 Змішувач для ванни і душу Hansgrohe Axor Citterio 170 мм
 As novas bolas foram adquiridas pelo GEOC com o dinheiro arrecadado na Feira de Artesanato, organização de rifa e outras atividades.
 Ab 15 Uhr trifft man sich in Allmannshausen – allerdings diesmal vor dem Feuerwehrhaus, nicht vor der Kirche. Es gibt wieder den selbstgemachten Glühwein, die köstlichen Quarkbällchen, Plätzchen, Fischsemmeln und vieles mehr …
---
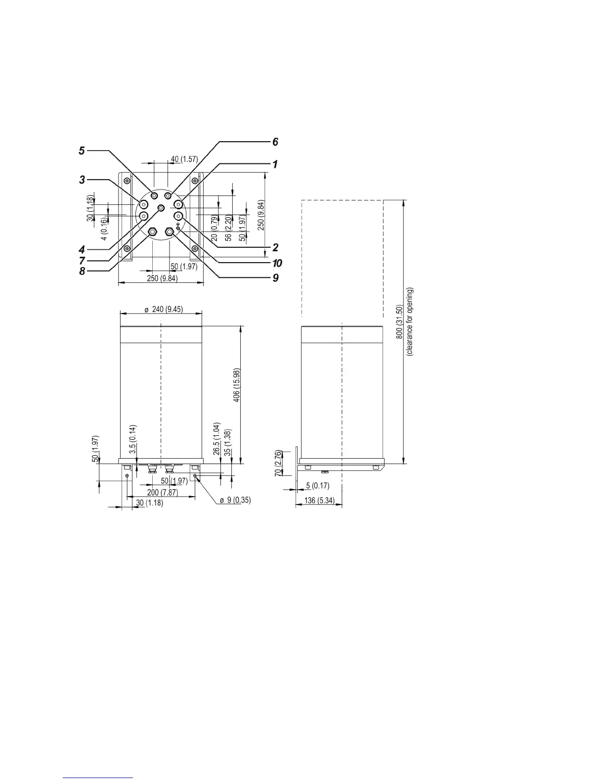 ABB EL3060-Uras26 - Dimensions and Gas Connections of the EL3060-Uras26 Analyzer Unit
* * *
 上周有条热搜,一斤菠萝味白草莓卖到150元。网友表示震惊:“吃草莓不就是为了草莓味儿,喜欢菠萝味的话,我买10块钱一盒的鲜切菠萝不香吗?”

◆ Aim of the exercise:
Could you restate, word for word, the lines above from the one with "As novas bolas" to the one with "Ab 15 Uhr trifft", both included?

◆ Reply to the exercise:
 As novas bolas foram adquiridas pelo GEOC com o dinheiro arrecadado na Feira de Artesanato, organização de rifa e outras atividades.
 Ab 15 Uhr trifft man sich in Allmannshausen – allerdings diesmal vor dem Feuerwehrhaus, nicht vor der Kirche. Es gibt wieder den selbstgemachten Glühwein, die köstlichen Quarkbällchen, Plätzchen, Fischsemmeln und vieles mehr …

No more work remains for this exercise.